近年では、原型師/造形師はひとくくりに『モデラー』などとも呼ばれ、3DプリンターやCADのような立体設計ツールがより身近になったことで、造形師のなかにも、原型師に近しい製法で製作を行う職人も増えてきているため、造形師/原型師が一元的に同じ意味合いで表現されているのかもしれません。

前述したように、造形師は人形・フィギュアなどの模型を造形する仕事です。

造形師は、製作を依頼されると、クライアントとともにどんなフィギュアを製作するのかについてを話し合い、原型の制作に取り掛かります。

フィギュア造形師には、制作の技術だけではなく、クライアントの要望を確実に引き出すためのヒアリング能力や、融通性も必要になります。

全て自らの手で作り上げる『アナログ造形』

造形師の業務内容の中で、少しだけ造形の技術については触れましたが、ここからはより具体的に造形師の技術や、造形の過程について詳しくみていきましょう。

造形師の手法は、大きく『アナログ造形』と『デジタル造形』の二つに分けることができます。

アナログ造形は、場合により『主原型』と呼ばれることもあり、ベテラン造形師がこの製法を用いることが多く、その文字通り、PCや3Dプリンター等を用いず、手作業で造形を行います。

アナログで造形を行う場合は、まずは企画(どのような作品を製作するのかのアイデア)を固めます。

続いて、パテやワックスなどの原型に必要となる材料をひとしきり揃え、ポリパテ造形という技法を用いて、『パテ』と呼ばれる粘土のようなものを元に、骨組みなどの土台となる部分を製作し、彫刻刀やヘラなどで造形を行う手法で成型を行なっていきます。

場合によっては、造形師自身で縫製を行ったり、フィギュアの着色を行う場合もあるようです。

こういった着手範囲の広さも、原型師や造形師が同義として扱われる理由のひとつなのかもしれませんね。

このように、アナログ造形は全て手作業で行うため、クオリティの高いものを作るためには、手先の器用さや空間把握能力が問われることに加えて、造形に時間がかかってしまうのがデメリットとして挙げられます。
しかし、その分細部までこだわった繊細な造形を行うことができ、ベテラン造形師であれば、現在でもアナログ造形を行う場合が多いようです。

また、アナログ造形は道具や素材などを合わせて数万円で揃えることができますので、趣味として造形を初め、そこから転じて造形師になる方も少なくはありません。
親しみやすいとも言えますが、シンプルな技法である分、個人で業務を受託したり、販売できるようなクオリティに仕上げるためにはかなりの技術と経験が必要と言えるでしょう。

最新技術を駆使した『デジタル造形』

出典:CEMEDINE

アナログ造形は、手先の器用さや、空間把握能力が非常に問われるため、才能や長年の知識がないと難しいですが、デジタル造形に関しては、PCと、専用のソフトを使用することで、複雑な造形を誰でも製作することができます。

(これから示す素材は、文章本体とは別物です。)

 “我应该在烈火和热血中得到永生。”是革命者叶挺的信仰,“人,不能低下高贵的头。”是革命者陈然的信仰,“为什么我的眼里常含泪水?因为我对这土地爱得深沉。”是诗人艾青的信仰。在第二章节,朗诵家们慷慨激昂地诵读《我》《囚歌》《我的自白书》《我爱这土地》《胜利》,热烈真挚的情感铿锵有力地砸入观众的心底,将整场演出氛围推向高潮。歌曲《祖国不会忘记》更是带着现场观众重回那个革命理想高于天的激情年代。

例えば、アナログで造形する際に、ミスしてしまった箇所のやり直しを行うとなると、再びパテを足したり、削ったりの作業が必要となり、かなりの工数を消費してしまいますが、デジタル造形であればキーボード操作一つで前に戻すことができたり、取り消しや複製作業も容易です。

また、左右反転のパーツを制作する場合、アナログであれば各パーツごとに作る必要がありますが、こちらもデジタルであれば、複製と反転の作業のみで行うことができます。

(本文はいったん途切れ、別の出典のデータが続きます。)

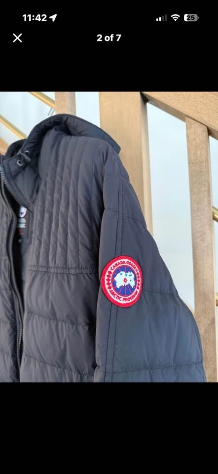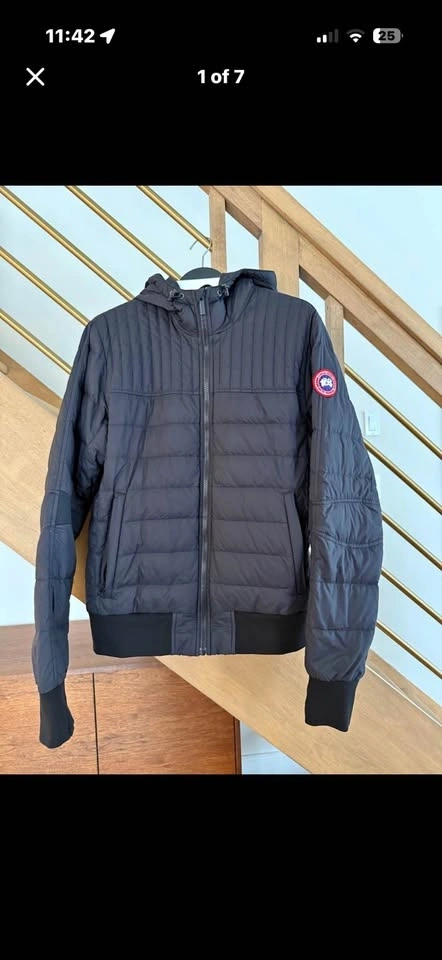 Premium Canada Goose lightweight down jacket in black. This piece has a full-zip front, attached hood, and signature Arctic Program patch on the sleeve. It features vertical quilting on the upper chest and horizontal quilting on the body. Ribbed knit cuffs and waistband provide a secure fit. Two zippered hand pockets are on the front.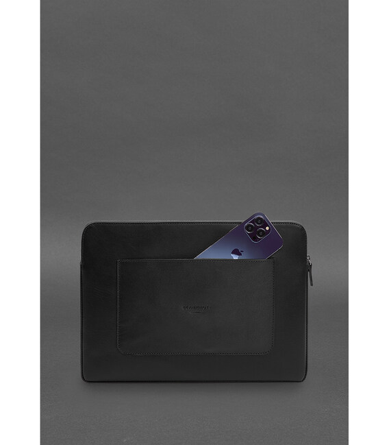Кожаный чехол для ноутбука на молнии с хлястиком и карманом Черный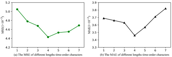 Error curve of time-order characters with different lengths. (a,b) are the MSE and MAE of different lengths time-order characters, respectively.

アニメキャラクターや映画のキャラクター、美少女フィギュアなどは、2次元のキャラクターを忠実に3次元に再現する必要があるため、再現度が非常に需要になります。

その際、アナログであれば写真を撮影し、PCに取り込んで原画像と比較といった手段が取られますが、デジタル造形であれば複数パターンを作成し、比較・修正を行なったり、実際の画像と重ねながら設計、などもできてしまいます。

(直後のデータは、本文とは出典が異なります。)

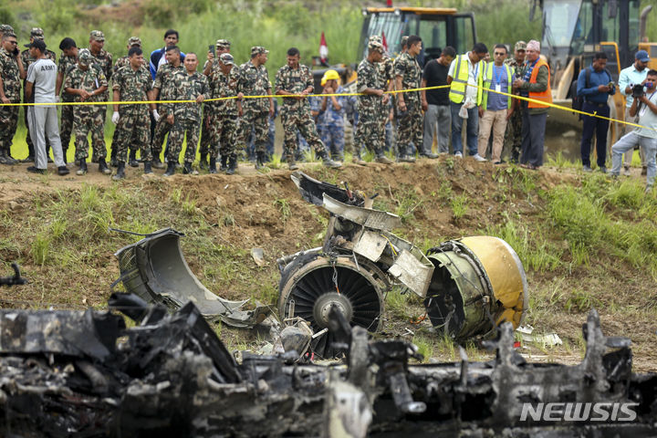 [카트만두=AP/뉴시스] 24일(현지시각) 네팔 카트만두의 트리부반 국제공항 항공기 사고 현장에 네팔 군인들이 모여 있다. 현지 당국은 승객과 승무원 19명을 태우고 포카라로 향하던 사우리아 항공 소속 CRJ-200 소형 여객기가 이륙 중 활주로에서 미끄러져 이탈한 후 불이 붙었다고 전했다. 이 사고로 18명이 숨지고 조종사만 살아남아 병원에서 치료를 받고 있다. 2024.07.24.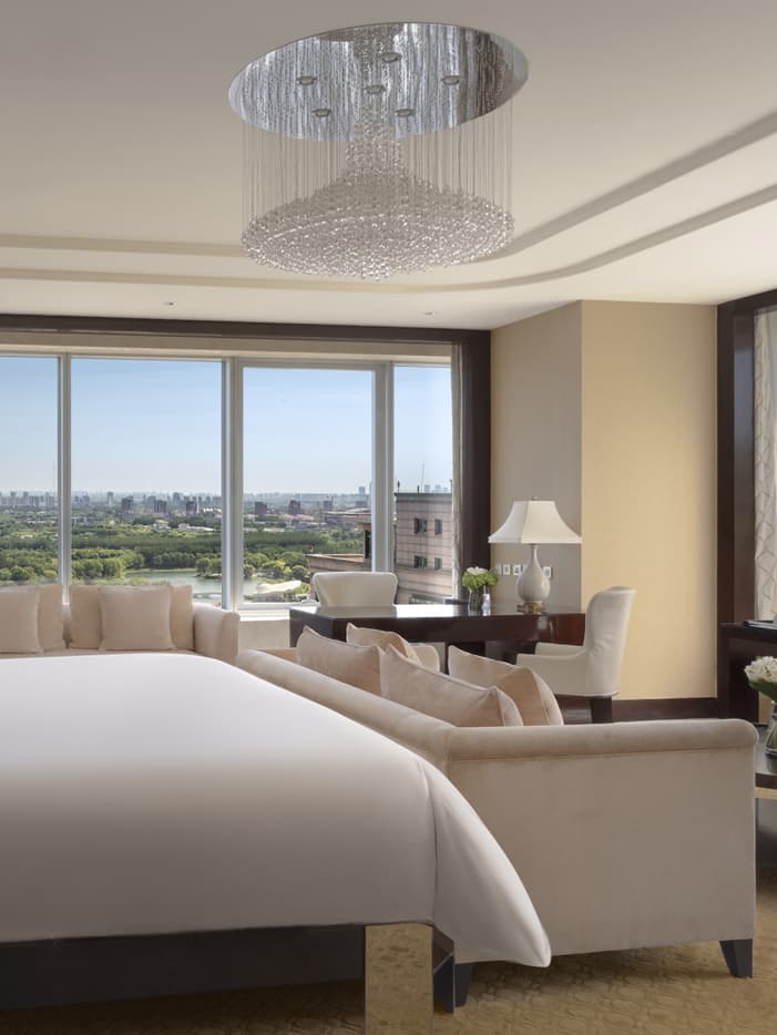 Known as the “Palace in the Sky,” this three-bedroom, ultra-luxe suite takes up our entire 27th floor. Screen a movie in the media room, entertain on the rooftop terrace, and watch a private chef prepare a meal in the open kitchen for a special evening. Custom finishes, original artwork and panoramic views of Beijing are the proverbial icing on the cake.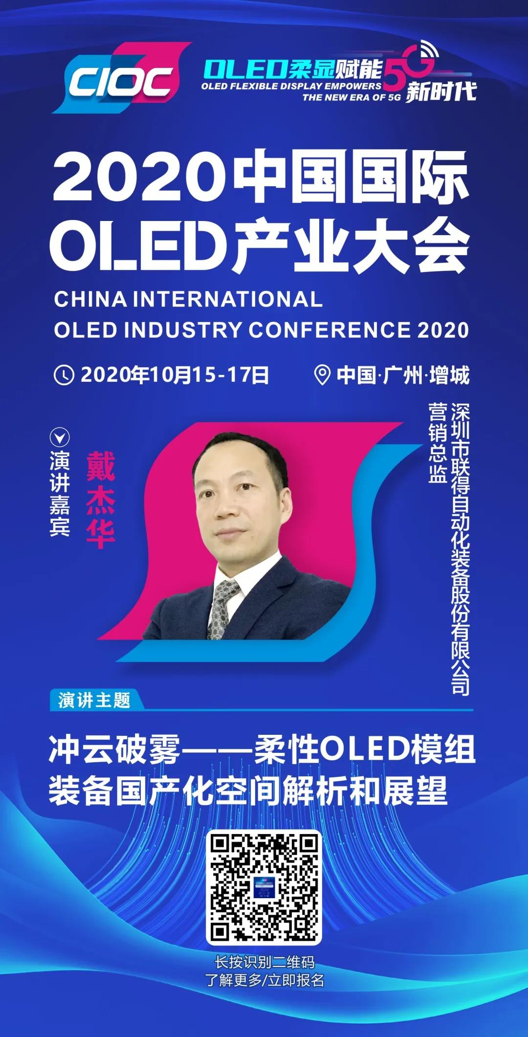 深圳市聯得自動化裝備股份有限公司營銷總監戴杰華已確認出席2020中國國際OLED產業大會。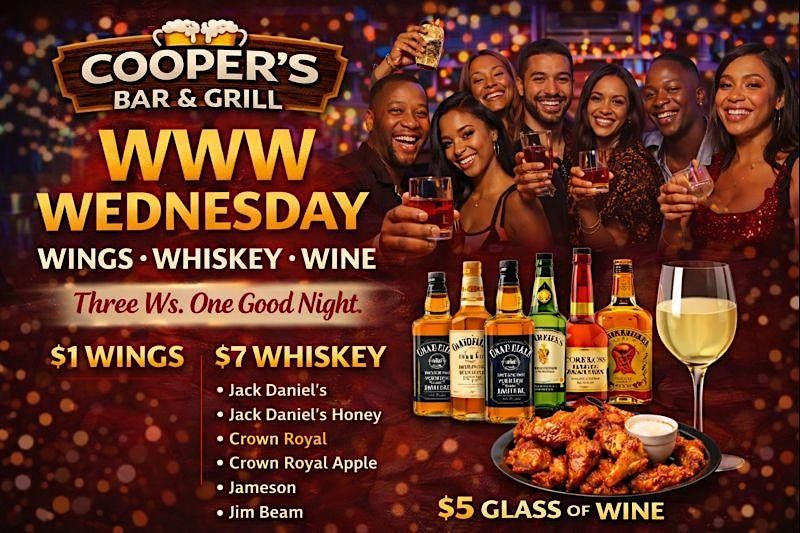 Midweek just got better. Join us every Wednesday at Cooper’s Bar & Grill for WWW Wednesday — a laid-back, high-energy night featuring wings, whiskey, wine, and great vibes.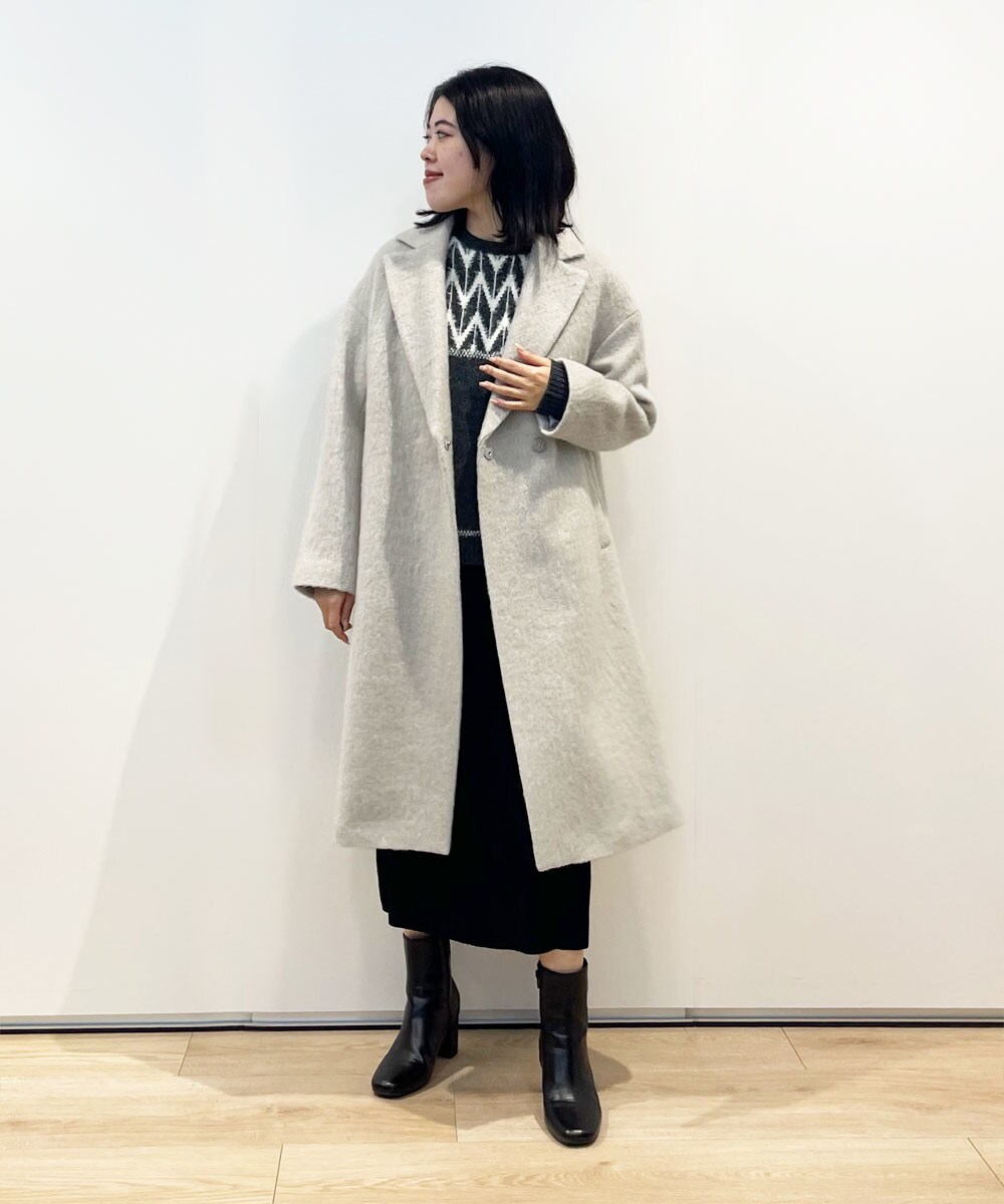 大人っぽく黒のタイトスカートとシャギーロングコートと合わせてきれいめでモダンな印象に。

このように、相対的に見ると、アナログ造形よりもデジタル造形のほうが工数や効率の面で考えるとかなり優れているように思えます。
確かに、デジタル造形は格段にスピードも上がり、量産にも向いているかとは思われますが、アナログ造形にも、それでしか出せない手作り感や、唯一無二の味のようなものは確かに存在するので、どちらが優れているとも言い切れません。

また、デジタル造形は3DプリンターやCAD、PCなどの機材が高額になりますので、それらを揃えようとなると、かなり開始までのハードルが高くなります。

近年では、アナログ造形専門であった職人も、デジタルと並行しながら造形を行ったりというケースも増えてきていますので、まずは道具や素材が集めやすいアナログ造形から行うのがいいかもしれませんね。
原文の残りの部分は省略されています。